|From:||Massimo Dal Zotto <dz(at)cs(dot)unitn(dot)it>|
|To:||hackers(at)postgreSQL(dot)org (PostgreSQL Hackers)|
|Cc:||tgl(at)sss(dot)pgh(dot)pa(dot)us (Tom Lane)|
|Subject:||Re: [HACKERS] Which signal to use for CANCEL from postmaster to backend?|
|Views:||Raw Message | Whole Thread | Download mbox|
> Bruce Momjian <maillist(at)candle(dot)pha(dot)pa(dot)us> writes:
> >> All three of SIGINT, SIGHUP, SIGTERM currently do the same thing in a
> >> backend, so it looks like our best choice is to redefine one of those
> >> as the cancel request signal. Any preference?
> > I like SIGQUIT. Looks to be unused. SIGINT is used too much from the
> > command line, and SIGTERM used too much from scripts (the default kill
> > arg.)
> I've been thinking about it a little more, and on the whole I like using
> SIGINT the best. Here's my reasoning:
> 1. SIGINT is not normally generated for non-interactive processes,
> so for the ordinary case of a backend running under the postmaster
> it wouldn't be generated by accident. (As you point out, the default
> signal from kill(1) is SIGTERM not SIGINT.)
> 2. The only case where it *would* be easy to direct SIGINT to a backend
> is in the case of a backend hand-invoked from the command line. In this
> case I think that having control-C do a Cancel rather than kill the
> process is a fine idea --- it is exactly parallel to the behavior that
> psql now offers. People will probably get used enough to psql's
> behavior that having an interactive backend work differently would be
> a bad idea.
> 3. SIGQUIT normally generates a coredump, and is one of the few
> non-error signals that do so. If we use it for the cancel signal we
> will eliminate the easiest, most standard way of externally forcing a
> backend to coredump. That seems like a loss of a useful debug tool.
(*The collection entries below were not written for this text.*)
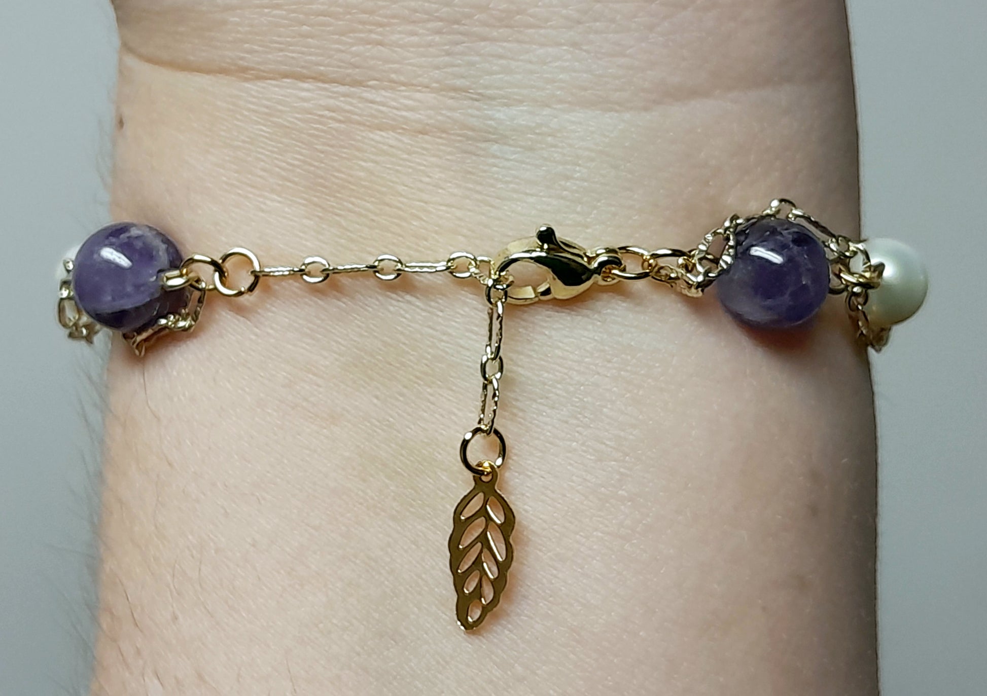 Bracelet en acier inoxydable ton OR avec perles d'eau douce blanches et Améthystes torsadé d'une jolie chaîne ! S'attache de 7 à 8,5 po
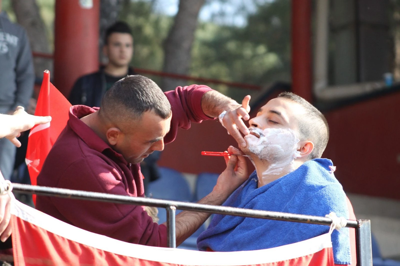 Spor Toto Bölgesel Amatör Lig’de Ödemişspor’un Yıldırım Belediyespor’u 2-1 yendiği maçın devre arasında tribünlerde ender görülen bir durum yaşandı. Ödemişspor’un hiçbir maçını kaçırmayan Çamlık Tayfa üyesi Çağrı Ayyürü’nün asker tıraşı maçın devre arasında Ödemiş Saraçoğlu Stadı’nın tribünlerinde yapıldı.
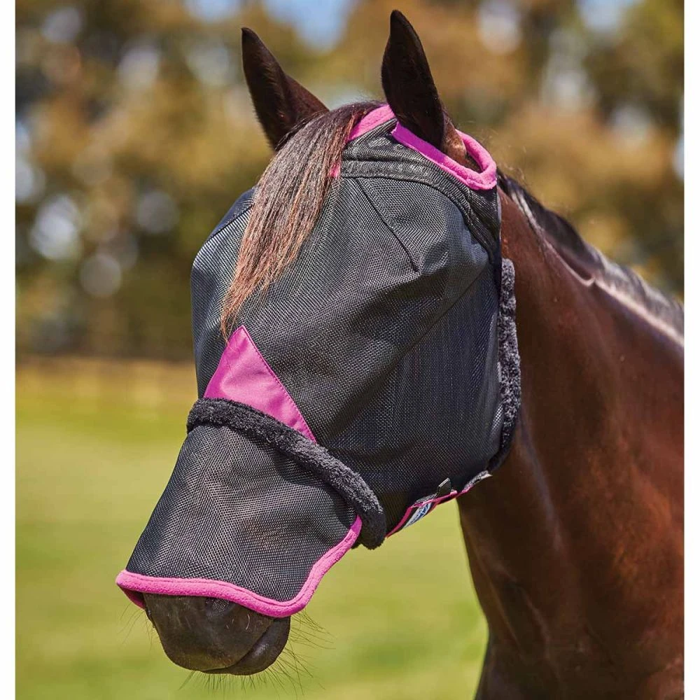 - Extended nose piece helps protect nose from sunburn and annoying house flies that congregate at horse’s nostrils

> Also, in all Unix applications that I'm familiar with, SIGQUIT is a
> "more severe" signal than SIGINT --- one expects that an app may trap
> SIGINT and return keyboard control, but SIGQUIT is supposed to kill it.
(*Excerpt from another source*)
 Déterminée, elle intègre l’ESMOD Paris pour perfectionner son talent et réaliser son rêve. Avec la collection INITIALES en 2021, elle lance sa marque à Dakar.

> Inverting the severity of SIGINT and SIGQUIT for a pgsql backend doesn't
> sound like a good plan.
> So I think we should leave SIGTERM and SIGQUIT alone, and redefine
> SIGINT to perform a cancel.
> BTW, I realized that SIGHUP is not really free, it's what is used to
> return control from elog(ERROR) to the main loop. The code probably
> should refer to it as SIGHUP not signal "1".
> regards, tom lane
> PS: I've got these changes coded up, and am about to start testing.
These are the signals I'm using in my own current version of pgsql.
The main changes to the old implementation are SIGQUIT instead of
SIGHUP to handle warns, SIGHUP to reread pg_options and redirection
to all backends of SIGHUP, SIGINT, SIGTERM, SIGUSR1 and SIGUSR2.
In this way some of the signals sent to the postmaster can be sent
automatically to all the backends. To shut down postgres one needs
only to send a SIGTERM to postmaster and it will stop automatically
all the backends. This new signal handling mechanism is also used
to prevent SI cache table overflows: when a backend detects the SI
table full at 70% it simply sends a signal to the postmaster which
will wake up all idle backends and make them flush the cache.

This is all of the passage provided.